**Task directions**
The reply should contain all the data below, repeated exactly, and none of the images.

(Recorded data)
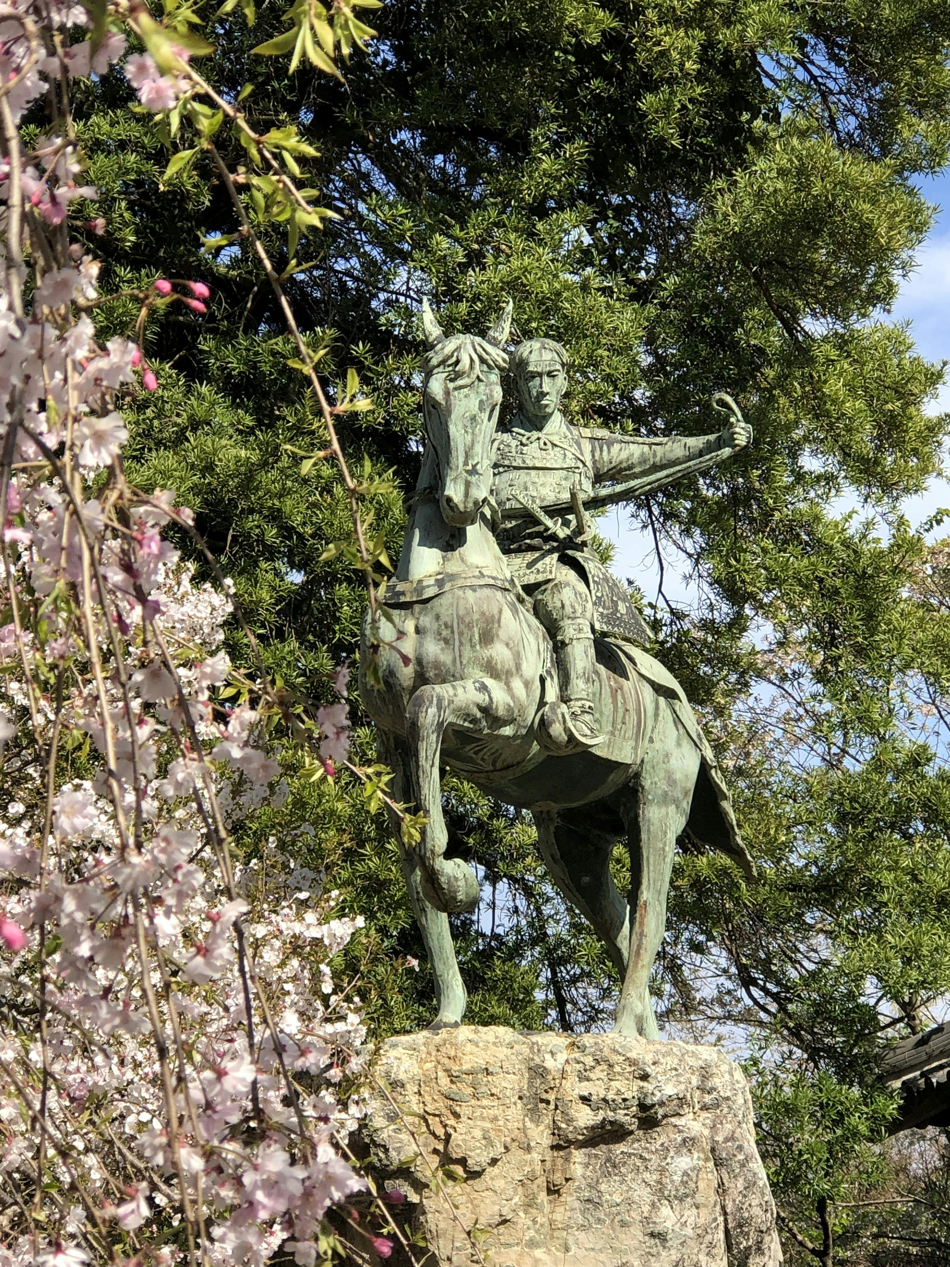 長府の功山寺には、晋作の騎馬像があります。4月に入っても枝垂れ桜が残り、とても気持ちのいい境内で素敵な写真が撮れますよ。
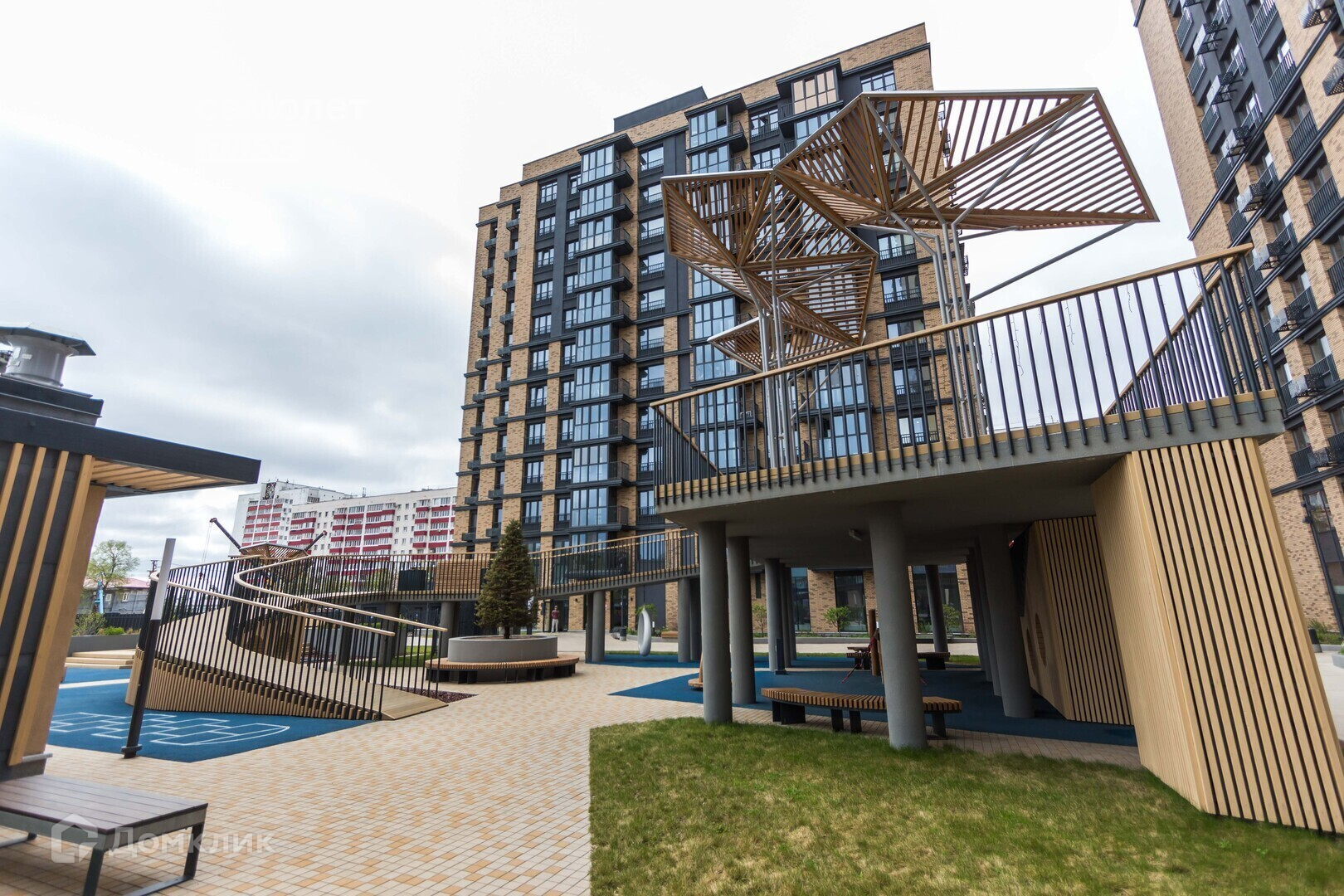 Закрытая охраняемая территория, видеонаблюдение по периметру 24/7, дизайнерские парадные, бесшумные скоростные лифты премиум класса, Silver с дезинфекцией, двухуровневый Play-hub для разных возрастов, вход в подъезд по Face ID, подземный двухуровневый паркинг, предусмотрена охранно-пожарная сигнализация и система дымоудаления. Архитектурная подсветка фасада по итальянской технологии. Благоустроенная придомовая территория (зоны отдыха, детские, спортивные площадки). Двор без машин.
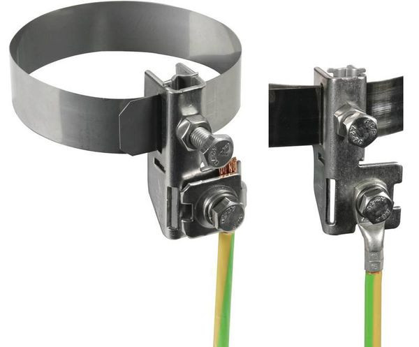 Bandrohrschelle gegen selbstlockern gesischert, nach DIN EN 62561-1, zum Einbinden von Rohren in den Schutz und Funktionspotentialausgleich nach DIN VDE 0100 Teil 410/540 und den Blitzschutz-Potentialausgleich nach DIN EN 62305-3 (VDE 0185-305-3). Ausführung komplett mit stetig verstellbarem Spannband aus NIRO, zum Anschluss von 1 Leiter Rd D10 mm oder 1-2 Leiter Rd D6-8 mm oder 4-50 mm² (ein- / mehrdrähtig).
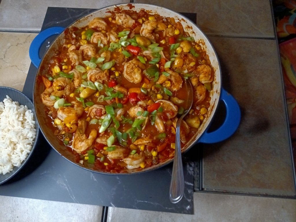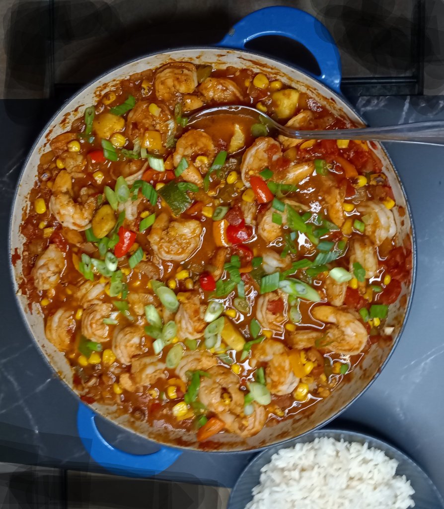 trinity of onion, bell pepper and celery. And shrimp, of course. This dish represents the creole aspect of
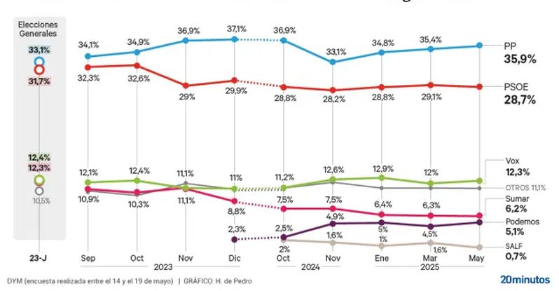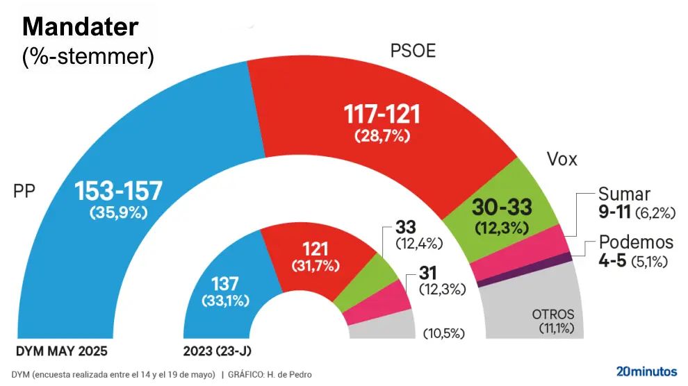 Det fremgår af maj-barometeret udarbejdet af DYM for 20minutos, der viser, at PP fortsætter den opadgående tendens, der begyndte efter det bratte fald, partiet oplevede efter DANA i Valencia i oktober sidste år. Hvis der var valg i morgen, ville PP få 35,9 procent af stemmerne, hvilket er 0,5 procentpoint mere end for et par måneder siden og næsten 3 procentpoint mere end for et halvt år siden. PSOEe vil derimod få 28,7 procent af stemmerne, 0,4 procentpoint mindre end i marts, men med en tendens, der har været stort set stabil med meget små stigninger og fald siden november 2023.
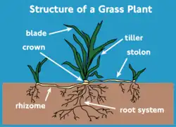 Grass blades grow at the base of the blade and not from growing tips. This location of the grass growing point near the ground allows it to be grazed or mowed regularly without damage to the growing point.
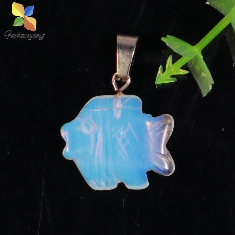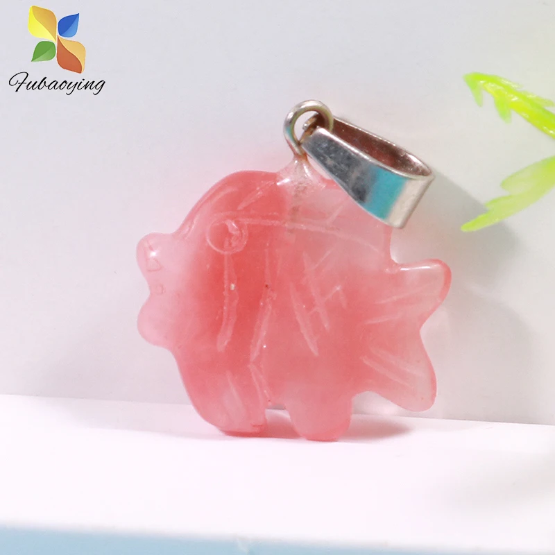 Fubaoying оптовая продажа 12 шт натуральная Подвеска из камня и хрусталя Смешанная резьба Рыба ожерелье Бесплатная доставка для DIY ювелирных изделий
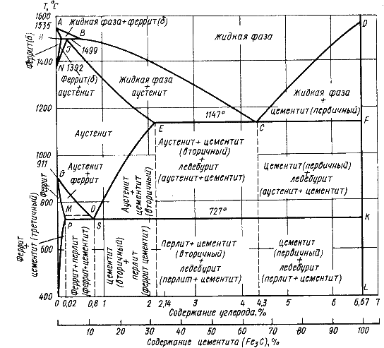 Рис. 9.1. Диаграмма состояния железо - цементит

**Answer**
 長府の功山寺には、晋作の騎馬像があります。4月に入っても枝垂れ桜が残り、とても気持ちのいい境内で素敵な写真が撮れますよ。
 Закрытая охраняемая территория, видеонаблюдение по периметру 24/7, дизайнерские парадные, бесшумные скоростные лифты премиум класса, Silver с дезинфекцией, двухуровневый Play-hub для разных возрастов, вход в подъезд по Face ID, подземный двухуровневый паркинг, предусмотрена охранно-пожарная сигнализация и система дымоудаления. Архитектурная подсветка фасада по итальянской технологии. Благоустроенная придомовая территория (зоны отдыха, детские, спортивные площадки). Двор без машин.
 Bandrohrschelle gegen selbstlockern gesischert, nach DIN EN 62561-1, zum Einbinden von Rohren in den Schutz und Funktionspotentialausgleich nach DIN VDE 0100 Teil 410/540 und den Blitzschutz-Potentialausgleich nach DIN EN 62305-3 (VDE 0185-305-3). Ausführung komplett mit stetig verstellbarem Spannband aus NIRO, zum Anschluss von 1 Leiter Rd D10 mm oder 1-2 Leiter Rd D6-8 mm oder 4-50 mm² (ein- / mehrdrähtig).
 trinity of onion, bell pepper and celery. And shrimp, of course. This dish represents the creole aspect of
 Det fremgår af maj-barometeret udarbejdet af DYM for 20minutos, der viser, at PP fortsætter den opadgående tendens, der begyndte efter det bratte fald, partiet oplevede efter DANA i Valencia i oktober sidste år. Hvis der var valg i morgen, ville PP få 35,9 procent af stemmerne, hvilket er 0,5 procentpoint mere end for et par måneder siden og næsten 3 procentpoint mere end for et halvt år siden. PSOEe vil derimod få 28,7 procent af stemmerne, 0,4 procentpoint mindre end i marts, men med en tendens, der har været stort set stabil med meget små stigninger og fald siden november 2023.
 Grass blades grow at the base of the blade and not from growing tips. This location of the grass growing point near the ground allows it to be grazed or mowed regularly without damage to the growing point.
 Fubaoying оптовая продажа 12 шт натуральная Подвеска из камня и хрусталя Смешанная резьба Рыба ожерелье Бесплатная доставка для DIY ювелирных изделий
 Рис. 9.1. Диаграмма состояния железо - цементит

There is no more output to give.